“…The contemplative is [not] the [person] who has fiery visions of the cherubim carrying God on their imagined chariot, but simply [he/she] who has risked [their] mind in the desert beyond language and beyond ideas where God is encountered in the nakedness of pure trust, that is to say in the surrender of our poverty and incompleteness in order no longer to clench our minds in a clamp upon themselves, as if thinking made us exist…”
Thomas Merton, in a letter to Dom Francis Decroix, 21st August 1967. Published in Dancing in the Water of Life: The Journals of Thomas Merton, Volume 5, edited by Robert E. Daggy.
The contemplative must explore the uncharted desert area of the human heart, what Merton describes as the “arid, rocky, dark land of the soul.” Ultimately this desert-way is what Nouwen calls “the way of the heart”. It is a profoundly difficult path, one which takes us on a healing and transformative journey into our dark interior; a journey to the source and centre of who we most truly are, and out of which – by means of the Spirit – we will become freer, more fully alive, and more authentically human in our imaging of God. It’s a journey through which we reconnect with what is most true about each of us: we are created to image God. In this journey the projections and the veneer of our lives are done away with and there is a reconnection between who we most truly are and how we are. Our disordered desires and longings are ordered. We find what we are looking for. We have all created a “false-self” from the sense of “lack”, woundedness and inadequacy that we all feel and from which we need to be set free (for more on this “false self”, I’d recommend the enneagram as a helpful tool, and especially those enneagram books / resources that highlight the pathological, unhealthy, wounded or shadow characteristics of each type.
One the contemplative path we move from unconsciousness to consciousness.
‘Everyone of us is shadowed by an illusory person: a false self… My false and private self is the one who wants [to hide from God; too dwell in the darkness] to exist outside the radius of God’s will and love – outside of reality and life [a reality that more often than not lies at the heart of our feelings of “lostness” or being a “lost thing”]. And such a self cannot help being an illusion… For most people in the world, there is no greater subjective reality than this false self of theirs, which cannot exist. A life devoted to the cult of this shadow is what is called a life of sin [the life of self inversion and self-gratification] … Therefore there is only one problem on which all my existence, my peace and my happiness depend: to discover myself in [re]discovering God. If I find God, I will find myself; and if I find my true self, I will find God…” Thomas Merton, Seeds of Contemplation (London: Burns and Oats, 1960), p. 9.
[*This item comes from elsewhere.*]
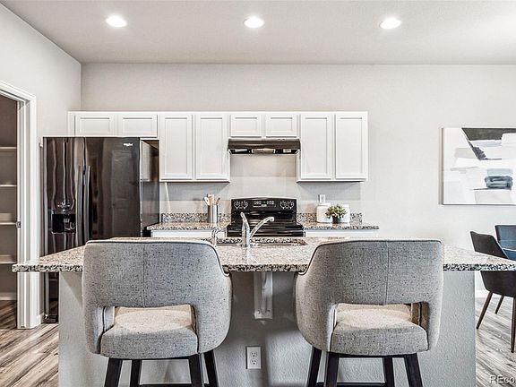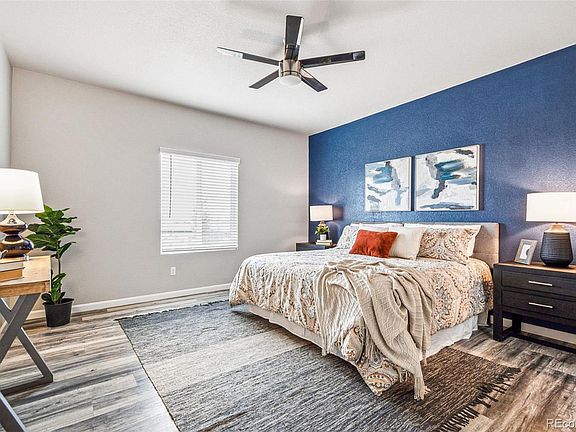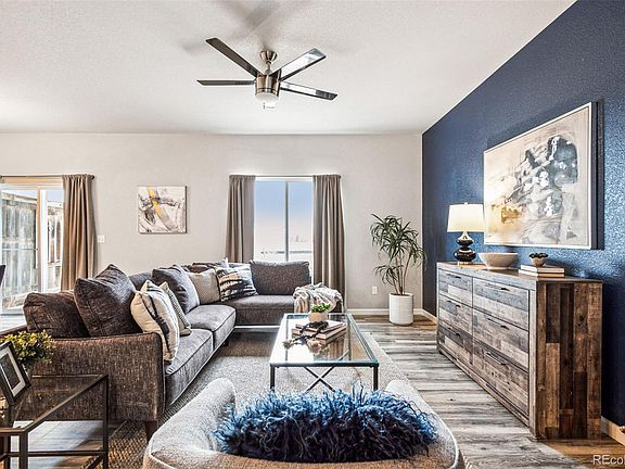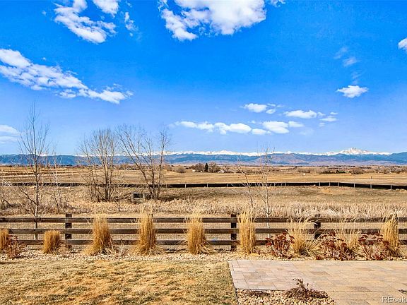 Beautiful, UNOBSTRUCTED FRONT RANGE MOUNTAIN VIEWS from this easy to live in ranch-style home. This open and bright 3 bed, 2 bath is located just West of I25 in the coveted Wyndham Hill neighborhood. Featuring scenic views, open space parks, trails, a community clubhouse, pool and elementary school. Great floor plan with quality finishes including luxury vinyl flooring in all the main living areas and bedrooms, tile in the bathrooms and granite countertops throughout. Additional features include a huge primary bedroom with barn door, tall ceilings, expansive kitchen pantry, bar seating at the island, eat-in kitchen space, separate laundry room, ceiling fans, tons of storage space and an electric charging station in the garage. Third bedroom also acts as a great office space. Washer, dryer and refrigerator are included. Low maintenance yards are professionally landscaped with a barn-wood enclosed privacy patio and stone walkway in the back, and Xeriscaping in the front. Impeccably maintained with a new roof in 2023. Enjoy easy access to charming downtown Frederick, Erie, Longmont, Lafayette and Boulder. Sit on the covered back patio and enjoy the spectacular mountain views, sunsets, bald eagles, hawks, and listen to the frogs sing. It's a private oasis just a short drive to all the amenities. This amazing home is a must see!

In order to reconnect with our deepest and truest self, we must unblock and find healing for all the hidden and largely unconscious (i.e. we’re not aware of them) emotional, spiritual and psychological wounds we have accumulated throughout our lives and out of which we act. This unconsciousness profoundly affects our relation to ourselves, to others, and our behaviour. In this sense we are all prodigal’s and "older brothers" in equal measure.
Thomas Keating reflecting on the human condition (the universal “lack” or “flaw” common to all of us), oftentimes in Christian circles named as “original sin” says, “The term original sin is a way of describing the universal experience of coming to full reflective self-consciousness without the certitude of personal union with God. This gives rise to our intimate sense of incompletion, [lostness], dividedness, isolation, and guilt… this is because I am born in selfishness. I am born self-centered. And this is original sin…”
But, “… The conscious resolution to change our values and behaviour is not enough to alter the unconscious value systems of the false self and the behaviour they engender. Only the passive purification of contemplative prayer can effect this profound healing…” Anna A. Terruwe MD & Conrad Baars MD, Psychic Wholeness and Healing, p.191).
The human person is a complex entity and therefore, change, healing and growth take time. It takes time to uncover the emotional and psychological woundedness and all the things that are driving us to find fulfilment in all the wrong places.
Contemplative prayer and through it, the healing of the unconscious, is an important means to our becoming more fully human, more alive, and more fully and authentically who God created us to be.